Hamburg

Polizei fasst mutmaßlichen Serien-Einbrecher

Der 30-Jährige könnte 60 Taten begangen haben. Ein verlorenes Handy brachte die Ermittler auf seine Spur.

Hamburg.  Die Soko Castle heißt neuerdings LKA 19 – an der Durchschlagskraft der Anti-Einbrecher-Elite-Einheit der Polizei hat die Umwandlung in eine Dienststelle nichts geändert. Stolz melden die Ermittler jetzt ihren nächsten Coup: Sie haben einen Einbrecher gefasst, der alleine oder mit Komplizen für eine Serie von rund 60 Einbruchstaten im Stadtgebiet verantwortlich sein könnte. Am 2. Mai verhafteten sie den Verdächtigen, Muka A. (30), in seiner Wohnung am Ausschläger Billdeich (Rothenburgsort).

Auffällig: Viele der mehr als 60 Einbrüche spielten sich im näheren Umfeld von Bahnstationen ab – möglicherweise dienten S- und U-Bahnen dem Täter oder den Tätern als Fluchtmittel. Nach Angaben der Polizei kam es im März zunächst entlang der U-Bahn-Linie 1, im Bereich der Bahnhöfe Berne und Meiendorfer Weg, zu einer Häufung von Einbrüchen. „Diese wurden von den Ermittlern zu einer Serie zusammengefasst“, sagte Polizeisprecher Florian Abbenseth.

Glücklicher Zufall, dass Polizei auf seine Spur kam

Es war vor allem die spezielle Begehungsweise, der Modus Operandi, der die Beamten einen Tatzusammenhang vermuten ließ. Ähnliche Fälle registrierte die Polizei sodann auch im Bereich zwischen den Stationen Trabrennbahn und Ohlstedt. Bei den Taten sei vorrangig Bargeld gestohlen worden, so Abbenseth. In vielen Fällen sei es jedoch beim Versuch geblieben.

Auch Einbrüche rund um die S-Bahnstationen Nettelnburg und Neugraben konnten die Beamten der Serie zuordnen, drei allein im Bereich Neugraben. Auf die Spur von Muka A. brachte sie schließlich ein glücklicher Zufall: Nach einem Beutezug in Neugraben verlor der 30-Jährige in der Nacht vom 16. auf den 17. April sein Handy. Damit konnten die Beamten seinen Namen und seinen Aufenthaltsort ermitteln.
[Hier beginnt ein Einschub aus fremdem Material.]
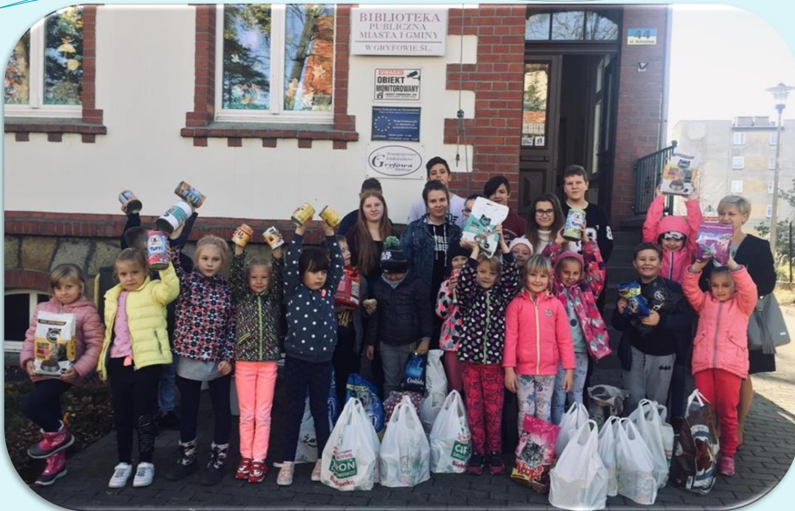
Zbieranie karmy dla zwierząt.
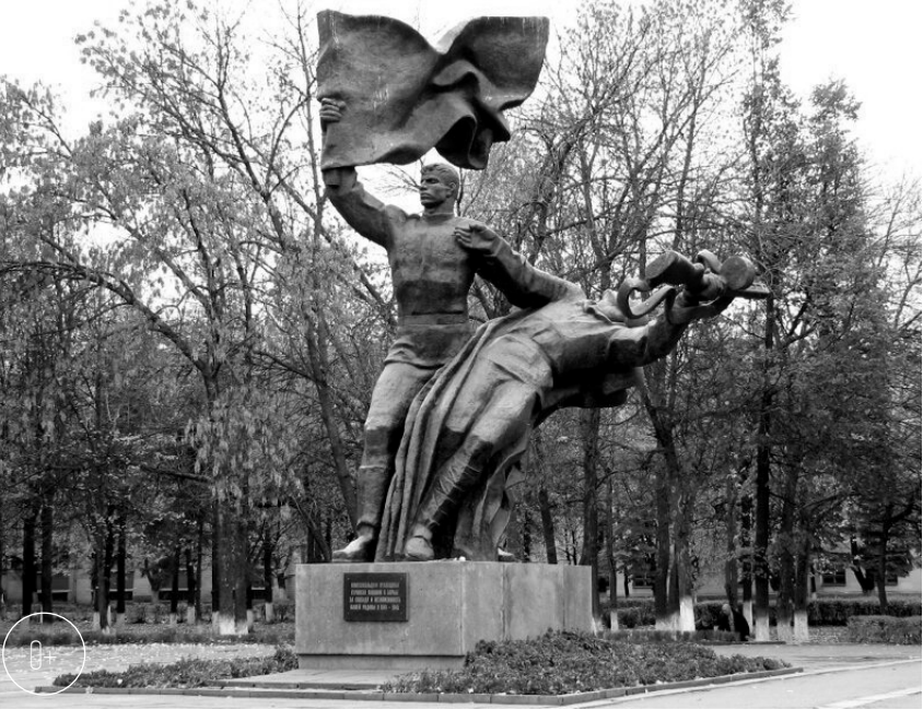
Памятник в честь 400-летия основания Орла
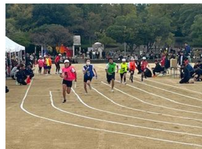
いずみししやうがっこうりくじやうきやうぎかい 和泉市小学校 陸上競技会
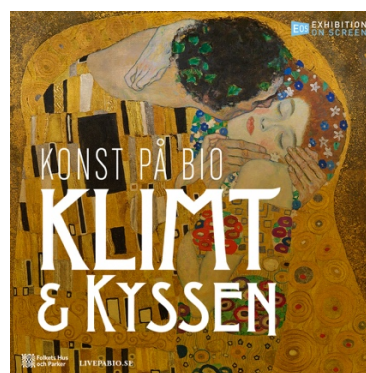
Filmaffisch Klimt & kysen med motiv Gustav Klimt: Kysen (beskuren), 1908

Als sie vor zwei Wochen Muka A. verhafteten, durchsuchten sie auch mehrere von ihm angemietete Zimmer – dabei stellten sie Beweismittel und Diebesgut sicher, unter anderem Schmuck.

Elite-Einheit verzeichnet viele Ermittlungserfolge

Zwar gilt der 30-Jährige bisher nur für zwei versuchte Einbrüche und einen vollendeten Einbruch in Neugraben als dringend tatverdächtig. Doch seit seiner Verhaftung hat es stadtweit keinen Einbruch mehr gegeben, der die Handschrift von Muka A. trägt. „Die Ermittler prüfen daher auch, inwieweit der Tatverdächtige und mögliche Mittäter gegebenenfalls für alle dieser etwa 60 Taten verantwortlich sind“, so Abbenseth weiter. Um Muka A. alle 60 Taten gerichtsfest nachzuweisen, liegt allerdings noch viel Arbeit vor den Ermittlern.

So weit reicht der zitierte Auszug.